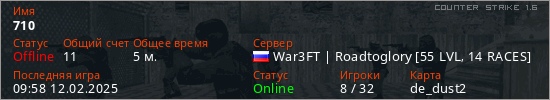Играет на Counter Strike 1.6 сервере. Страна: РоссияПервый раз замечен 09:52 12.02.2025
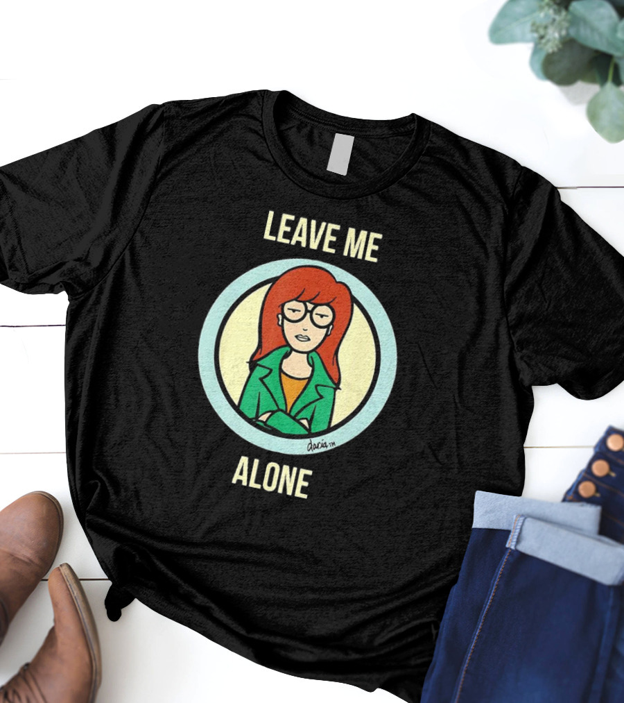Leave Me Alone Daria Shirt made from 100% pre-shrunk ring-spun cotton, unisex regular fit based on U.S. standard sizing. The shirt is designed, cut, sewn, and printed in the United States. Available in sizes S-5XL.
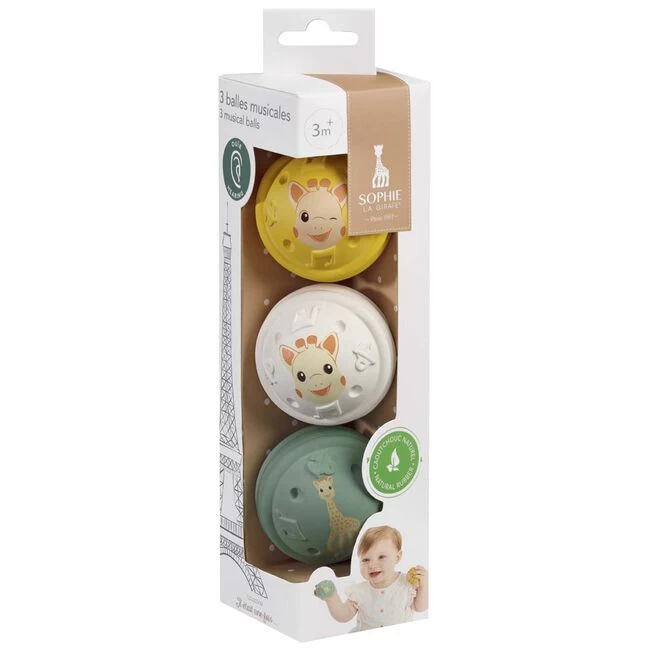 Met deze leuke muzikale speelballen van Sophie de giraf, kan je kindje uren spelen. De verschillende kleuren, van de ballen, stimuleert het zicht van je kindje en nodigt uit om te spelen en de geluidjes te ontdekken. Elke bal maakt zijn eigen geluid, zo klinkt er een belletje of een knisperend geluid wanneer je kindje in de bal knijpt. Dit stimuleert de ontwikkeling van je kindje. De ballen hebben een fijn formaat en zijn makkelijk te pakken met kleine handjes. De balletjes zijn gemaakt van natuurlijk, zacht en soepel materiaal en daarom ook veilig voor je kindje om in te bijten.
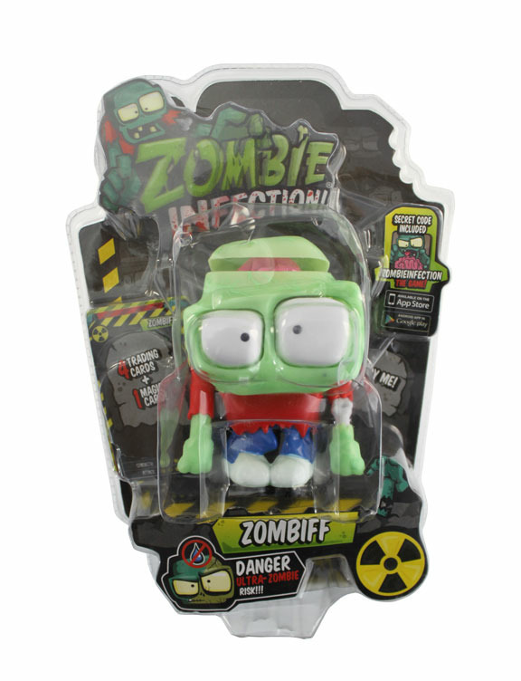Ziemię zaatakował nieznany wirus. Ludzie przemienili się w zombie i mumie. Grupa ocalałych próbuje znaleźć lekarstwo. Jednak próba nie powiodła się. Do powietrza uwolniła się substancja, która wyrządziła jeszcze większe szkody. Ze zombie i mumii powstały super zombie i super mumie. Zbierz wszystkie 6 figurek zombie. Wypróbuj przycisk na ich plecach i obserwuj, jak im wyłupiają się oczy, jak odchyla się czaszka i jak poruszają rękami. Spryskane wodą zmieniają kolor (zależy od temperatury w pomieszczeniu). Dodatkowo Kosťákowi świecą oczy w ciemności. Odwiedź stronę internetową lub pobierz aplikację Zombie Infection i zagraj w grę o zombie. W każdym opakowaniu znajdziesz tajny kod, który odblokuje w grze nowe możliwości. Nie wymaga baterii. Zawiera: 1 figurkę, 4 kolekcjonerskie kartki i kartę z tajnym kodem.
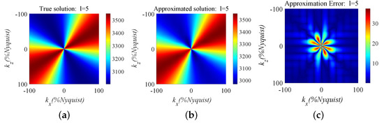 Comparisons of the true and approximated phase velocity for a case with v = 3000 m/s, , and . (a) The phase velocity calculated using the exact operator, (b) the phase velocity calculated using the approximated operator and (c) the difference between (a) and (b).
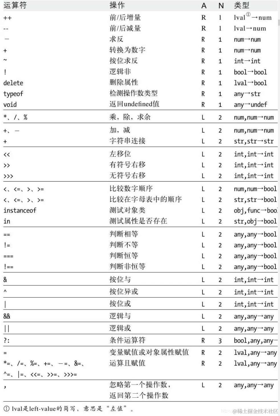 递减“-”运算符的操作数也是一个左值。它把操作数转换为数字,然后减1,并将计算后的值重新赋值给操作数。和“++”运算符一
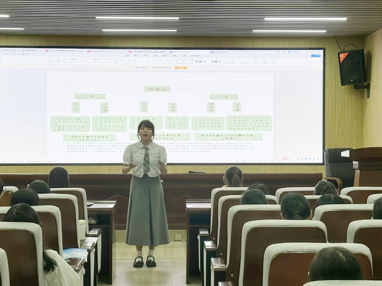 接着,邹嘉怡领学了《研究生手册》,她重点介绍了学术规范与行为要求,其中包括研究生学业奖学金评审办法,并鼓励同学们认真学习手册内容,严格遵守相关规定,顺利完成学业。

———

Description of the task: Retype the records above word for word, from their first line through the line containing "Leave Me Alone", and leave out every picture.

Answer to this task:
Играет на Counter Strike 1.6 сервере. Страна: РоссияПервый раз замечен 09:52 12.02.2025
Leave Me Alone Daria Shirt made from 100% pre-shrunk ring-spun cotton, unisex regular fit based on U.S. standard sizing. The shirt is designed, cut, sewn, and printed in the United States. Available in sizes S-5XL.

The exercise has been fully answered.